● **HOW TO COMPLETE THIS TASK**
Nothing in the records may change. Output them all exactly.

Top of INPUT MATERIAL

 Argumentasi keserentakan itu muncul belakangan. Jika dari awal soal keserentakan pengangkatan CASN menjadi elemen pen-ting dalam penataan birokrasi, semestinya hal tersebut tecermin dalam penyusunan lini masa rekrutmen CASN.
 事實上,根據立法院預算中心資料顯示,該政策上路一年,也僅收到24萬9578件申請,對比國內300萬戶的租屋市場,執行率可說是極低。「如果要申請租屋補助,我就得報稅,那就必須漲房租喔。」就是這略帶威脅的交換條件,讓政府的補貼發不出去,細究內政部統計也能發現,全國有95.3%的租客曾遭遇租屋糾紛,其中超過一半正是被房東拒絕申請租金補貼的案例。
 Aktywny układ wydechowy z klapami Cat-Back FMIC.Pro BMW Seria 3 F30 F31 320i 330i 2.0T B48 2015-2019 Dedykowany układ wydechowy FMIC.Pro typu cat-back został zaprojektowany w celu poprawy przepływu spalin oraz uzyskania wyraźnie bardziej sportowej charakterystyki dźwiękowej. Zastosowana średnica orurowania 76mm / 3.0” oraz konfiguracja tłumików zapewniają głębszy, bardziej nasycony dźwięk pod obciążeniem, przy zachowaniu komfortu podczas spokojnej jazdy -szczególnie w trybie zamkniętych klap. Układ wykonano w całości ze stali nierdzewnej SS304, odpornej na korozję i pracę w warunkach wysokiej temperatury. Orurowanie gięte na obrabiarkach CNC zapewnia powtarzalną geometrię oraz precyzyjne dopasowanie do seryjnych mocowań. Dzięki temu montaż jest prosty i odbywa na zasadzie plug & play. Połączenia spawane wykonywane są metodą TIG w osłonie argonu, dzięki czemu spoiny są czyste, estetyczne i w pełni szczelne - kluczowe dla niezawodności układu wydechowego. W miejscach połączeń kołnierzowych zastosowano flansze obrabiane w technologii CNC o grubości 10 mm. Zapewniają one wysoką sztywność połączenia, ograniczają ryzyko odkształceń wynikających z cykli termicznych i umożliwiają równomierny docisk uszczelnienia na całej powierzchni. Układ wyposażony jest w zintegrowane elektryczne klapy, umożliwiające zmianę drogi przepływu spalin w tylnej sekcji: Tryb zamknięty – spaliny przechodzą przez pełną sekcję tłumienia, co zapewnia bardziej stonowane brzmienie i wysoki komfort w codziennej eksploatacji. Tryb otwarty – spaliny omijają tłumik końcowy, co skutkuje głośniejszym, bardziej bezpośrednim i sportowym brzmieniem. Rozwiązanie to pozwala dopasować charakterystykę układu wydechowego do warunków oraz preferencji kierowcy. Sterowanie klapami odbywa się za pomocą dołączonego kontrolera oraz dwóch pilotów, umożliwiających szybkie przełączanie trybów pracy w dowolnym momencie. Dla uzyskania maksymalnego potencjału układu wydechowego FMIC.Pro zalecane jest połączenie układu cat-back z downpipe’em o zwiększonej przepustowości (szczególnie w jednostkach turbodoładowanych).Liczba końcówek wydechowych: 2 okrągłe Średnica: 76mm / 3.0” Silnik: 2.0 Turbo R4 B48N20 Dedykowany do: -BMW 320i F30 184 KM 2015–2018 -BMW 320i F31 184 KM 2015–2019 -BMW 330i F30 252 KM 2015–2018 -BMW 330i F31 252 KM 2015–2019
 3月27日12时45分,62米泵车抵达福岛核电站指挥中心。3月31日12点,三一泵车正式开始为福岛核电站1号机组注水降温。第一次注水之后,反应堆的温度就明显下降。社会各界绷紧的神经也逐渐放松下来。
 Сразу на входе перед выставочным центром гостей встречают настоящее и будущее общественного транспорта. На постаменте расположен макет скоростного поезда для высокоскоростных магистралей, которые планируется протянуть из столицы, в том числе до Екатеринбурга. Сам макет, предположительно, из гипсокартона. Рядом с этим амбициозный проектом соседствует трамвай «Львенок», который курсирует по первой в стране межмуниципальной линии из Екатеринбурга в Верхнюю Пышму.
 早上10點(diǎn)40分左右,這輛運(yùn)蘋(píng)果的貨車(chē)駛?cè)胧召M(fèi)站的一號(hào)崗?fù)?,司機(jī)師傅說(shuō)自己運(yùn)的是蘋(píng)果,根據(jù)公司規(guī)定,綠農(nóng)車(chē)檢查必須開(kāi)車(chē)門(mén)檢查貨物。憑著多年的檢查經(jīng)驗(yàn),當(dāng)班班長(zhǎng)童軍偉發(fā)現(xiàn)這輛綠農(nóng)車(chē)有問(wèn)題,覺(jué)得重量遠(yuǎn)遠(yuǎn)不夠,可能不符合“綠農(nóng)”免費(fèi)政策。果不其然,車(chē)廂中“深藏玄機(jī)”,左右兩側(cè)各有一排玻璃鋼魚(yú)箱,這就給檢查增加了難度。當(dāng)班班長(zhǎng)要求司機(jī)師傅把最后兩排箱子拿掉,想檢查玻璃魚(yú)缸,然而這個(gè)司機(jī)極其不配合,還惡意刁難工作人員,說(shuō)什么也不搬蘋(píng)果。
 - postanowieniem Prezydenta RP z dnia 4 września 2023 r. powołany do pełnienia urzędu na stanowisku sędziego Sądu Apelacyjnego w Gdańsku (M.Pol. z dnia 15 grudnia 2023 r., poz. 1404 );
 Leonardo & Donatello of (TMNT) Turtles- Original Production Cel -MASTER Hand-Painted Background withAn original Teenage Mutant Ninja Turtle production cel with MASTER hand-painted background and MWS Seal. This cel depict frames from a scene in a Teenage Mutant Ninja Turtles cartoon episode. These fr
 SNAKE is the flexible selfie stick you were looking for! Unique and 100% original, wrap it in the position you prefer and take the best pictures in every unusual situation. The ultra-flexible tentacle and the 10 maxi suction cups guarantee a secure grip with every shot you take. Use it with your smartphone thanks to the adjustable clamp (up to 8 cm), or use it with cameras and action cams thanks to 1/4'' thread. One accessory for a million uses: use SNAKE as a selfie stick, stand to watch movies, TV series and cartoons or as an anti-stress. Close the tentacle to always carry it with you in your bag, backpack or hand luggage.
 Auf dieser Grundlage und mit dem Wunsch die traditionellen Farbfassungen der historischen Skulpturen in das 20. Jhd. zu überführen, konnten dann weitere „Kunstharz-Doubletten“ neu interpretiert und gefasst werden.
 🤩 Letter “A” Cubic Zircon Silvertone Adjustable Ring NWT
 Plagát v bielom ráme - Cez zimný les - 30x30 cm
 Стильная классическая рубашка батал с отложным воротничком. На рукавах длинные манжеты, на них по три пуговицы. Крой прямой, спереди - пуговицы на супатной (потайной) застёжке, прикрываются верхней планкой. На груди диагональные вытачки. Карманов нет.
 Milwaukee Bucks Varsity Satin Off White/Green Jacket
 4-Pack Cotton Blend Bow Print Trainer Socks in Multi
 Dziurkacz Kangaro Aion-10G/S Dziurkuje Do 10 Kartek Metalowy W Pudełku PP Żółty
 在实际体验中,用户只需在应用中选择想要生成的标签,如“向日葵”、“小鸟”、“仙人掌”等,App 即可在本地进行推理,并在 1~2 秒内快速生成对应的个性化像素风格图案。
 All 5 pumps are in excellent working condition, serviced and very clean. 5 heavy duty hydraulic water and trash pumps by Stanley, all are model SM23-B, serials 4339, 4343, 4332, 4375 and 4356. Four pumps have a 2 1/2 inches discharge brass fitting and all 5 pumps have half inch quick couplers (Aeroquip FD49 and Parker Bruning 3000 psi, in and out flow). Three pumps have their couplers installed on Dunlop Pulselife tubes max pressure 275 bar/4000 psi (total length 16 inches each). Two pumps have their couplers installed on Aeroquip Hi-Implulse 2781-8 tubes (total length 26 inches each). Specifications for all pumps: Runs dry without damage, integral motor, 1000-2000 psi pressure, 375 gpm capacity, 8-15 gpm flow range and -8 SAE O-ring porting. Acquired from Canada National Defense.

Bottom of INPUT MATERIAL

● **EXERCISE ANSWER**
 Argumentasi keserentakan itu muncul belakangan. Jika dari awal soal keserentakan pengangkatan CASN menjadi elemen pen-ting dalam penataan birokrasi, semestinya hal tersebut tecermin dalam penyusunan lini masa rekrutmen CASN.
 事實上,根據立法院預算中心資料顯示,該政策上路一年,也僅收到24萬9578件申請,對比國內300萬戶的租屋市場,執行率可說是極低。「如果要申請租屋補助,我就得報稅,那就必須漲房租喔。」就是這略帶威脅的交換條件,讓政府的補貼發不出去,細究內政部統計也能發現,全國有95.3%的租客曾遭遇租屋糾紛,其中超過一半正是被房東拒絕申請租金補貼的案例。
 Aktywny układ wydechowy z klapami Cat-Back FMIC.Pro BMW Seria 3 F30 F31 320i 330i 2.0T B48 2015-2019 Dedykowany układ wydechowy FMIC.Pro typu cat-back został zaprojektowany w celu poprawy przepływu spalin oraz uzyskania wyraźnie bardziej sportowej charakterystyki dźwiękowej. Zastosowana średnica orurowania 76mm / 3.0” oraz konfiguracja tłumików zapewniają głębszy, bardziej nasycony dźwięk pod obciążeniem, przy zachowaniu komfortu podczas spokojnej jazdy -szczególnie w trybie zamkniętych klap. Układ wykonano w całości ze stali nierdzewnej SS304, odpornej na korozję i pracę w warunkach wysokiej temperatury. Orurowanie gięte na obrabiarkach CNC zapewnia powtarzalną geometrię oraz precyzyjne dopasowanie do seryjnych mocowań. Dzięki temu montaż jest prosty i odbywa na zasadzie plug & play. Połączenia spawane wykonywane są metodą TIG w osłonie argonu, dzięki czemu spoiny są czyste, estetyczne i w pełni szczelne - kluczowe dla niezawodności układu wydechowego. W miejscach połączeń kołnierzowych zastosowano flansze obrabiane w technologii CNC o grubości 10 mm. Zapewniają one wysoką sztywność połączenia, ograniczają ryzyko odkształceń wynikających z cykli termicznych i umożliwiają równomierny docisk uszczelnienia na całej powierzchni. Układ wyposażony jest w zintegrowane elektryczne klapy, umożliwiające zmianę drogi przepływu spalin w tylnej sekcji: Tryb zamknięty – spaliny przechodzą przez pełną sekcję tłumienia, co zapewnia bardziej stonowane brzmienie i wysoki komfort w codziennej eksploatacji. Tryb otwarty – spaliny omijają tłumik końcowy, co skutkuje głośniejszym, bardziej bezpośrednim i sportowym brzmieniem. Rozwiązanie to pozwala dopasować charakterystykę układu wydechowego do warunków oraz preferencji kierowcy. Sterowanie klapami odbywa się za pomocą dołączonego kontrolera oraz dwóch pilotów, umożliwiających szybkie przełączanie trybów pracy w dowolnym momencie. Dla uzyskania maksymalnego potencjału układu wydechowego FMIC.Pro zalecane jest połączenie układu cat-back z downpipe’em o zwiększonej przepustowości (szczególnie w jednostkach turbodoładowanych).Liczba końcówek wydechowych: 2 okrągłe Średnica: 76mm / 3.0” Silnik: 2.0 Turbo R4 B48N20 Dedykowany do: -BMW 320i F30 184 KM 2015–2018 -BMW 320i F31 184 KM 2015–2019 -BMW 330i F30 252 KM 2015–2018 -BMW 330i F31 252 KM 2015–2019
 3月27日12时45分,62米泵车抵达福岛核电站指挥中心。3月31日12点,三一泵车正式开始为福岛核电站1号机组注水降温。第一次注水之后,反应堆的温度就明显下降。社会各界绷紧的神经也逐渐放松下来。
 Сразу на входе перед выставочным центром гостей встречают настоящее и будущее общественного транспорта. На постаменте расположен макет скоростного поезда для высокоскоростных магистралей, которые планируется протянуть из столицы, в том числе до Екатеринбурга. Сам макет, предположительно, из гипсокартона. Рядом с этим амбициозный проектом соседствует трамвай «Львенок», который курсирует по первой в стране межмуниципальной линии из Екатеринбурга в Верхнюю Пышму.
 早上10點(diǎn)40分左右,這輛運(yùn)蘋(píng)果的貨車(chē)駛?cè)胧召M(fèi)站的一號(hào)崗?fù)?,司機(jī)師傅說(shuō)自己運(yùn)的是蘋(píng)果,根據(jù)公司規(guī)定,綠農(nóng)車(chē)檢查必須開(kāi)車(chē)門(mén)檢查貨物。憑著多年的檢查經(jīng)驗(yàn),當(dāng)班班長(zhǎng)童軍偉發(fā)現(xiàn)這輛綠農(nóng)車(chē)有問(wèn)題,覺(jué)得重量遠(yuǎn)遠(yuǎn)不夠,可能不符合“綠農(nóng)”免費(fèi)政策。果不其然,車(chē)廂中“深藏玄機(jī)”,左右兩側(cè)各有一排玻璃鋼魚(yú)箱,這就給檢查增加了難度。當(dāng)班班長(zhǎng)要求司機(jī)師傅把最后兩排箱子拿掉,想檢查玻璃魚(yú)缸,然而這個(gè)司機(jī)極其不配合,還惡意刁難工作人員,說(shuō)什么也不搬蘋(píng)果。
 - postanowieniem Prezydenta RP z dnia 4 września 2023 r. powołany do pełnienia urzędu na stanowisku sędziego Sądu Apelacyjnego w Gdańsku (M.Pol. z dnia 15 grudnia 2023 r., poz. 1404 );
 Leonardo & Donatello of (TMNT) Turtles- Original Production Cel -MASTER Hand-Painted Background withAn original Teenage Mutant Ninja Turtle production cel with MASTER hand-painted background and MWS Seal. This cel depict frames from a scene in a Teenage Mutant Ninja Turtles cartoon episode. These fr
 SNAKE is the flexible selfie stick you were looking for! Unique and 100% original, wrap it in the position you prefer and take the best pictures in every unusual situation. The ultra-flexible tentacle and the 10 maxi suction cups guarantee a secure grip with every shot you take. Use it with your smartphone thanks to the adjustable clamp (up to 8 cm), or use it with cameras and action cams thanks to 1/4'' thread. One accessory for a million uses: use SNAKE as a selfie stick, stand to watch movies, TV series and cartoons or as an anti-stress. Close the tentacle to always carry it with you in your bag, backpack or hand luggage.
 Auf dieser Grundlage und mit dem Wunsch die traditionellen Farbfassungen der historischen Skulpturen in das 20. Jhd. zu überführen, konnten dann weitere „Kunstharz-Doubletten“ neu interpretiert und gefasst werden.
 🤩 Letter “A” Cubic Zircon Silvertone Adjustable Ring NWT
 Plagát v bielom ráme - Cez zimný les - 30x30 cm
 Стильная классическая рубашка батал с отложным воротничком. На рукавах длинные манжеты, на них по три пуговицы. Крой прямой, спереди - пуговицы на супатной (потайной) застёжке, прикрываются верхней планкой. На груди диагональные вытачки. Карманов нет.
 Milwaukee Bucks Varsity Satin Off White/Green Jacket
 4-Pack Cotton Blend Bow Print Trainer Socks in Multi
 Dziurkacz Kangaro Aion-10G/S Dziurkuje Do 10 Kartek Metalowy W Pudełku PP Żółty
 在实际体验中,用户只需在应用中选择想要生成的标签,如“向日葵”、“小鸟”、“仙人掌”等,App 即可在本地进行推理,并在 1~2 秒内快速生成对应的个性化像素风格图案。
 All 5 pumps are in excellent working condition, serviced and very clean. 5 heavy duty hydraulic water and trash pumps by Stanley, all are model SM23-B, serials 4339, 4343, 4332, 4375 and 4356. Four pumps have a 2 1/2 inches discharge brass fitting and all 5 pumps have half inch quick couplers (Aeroquip FD49 and Parker Bruning 3000 psi, in and out flow). Three pumps have their couplers installed on Dunlop Pulselife tubes max pressure 275 bar/4000 psi (total length 16 inches each). Two pumps have their couplers installed on Aeroquip Hi-Implulse 2781-8 tubes (total length 26 inches each). Specifications for all pumps: Runs dry without damage, integral motor, 1000-2000 psi pressure, 375 gpm capacity, 8-15 gpm flow range and -8 SAE O-ring porting. Acquired from Canada National Defense.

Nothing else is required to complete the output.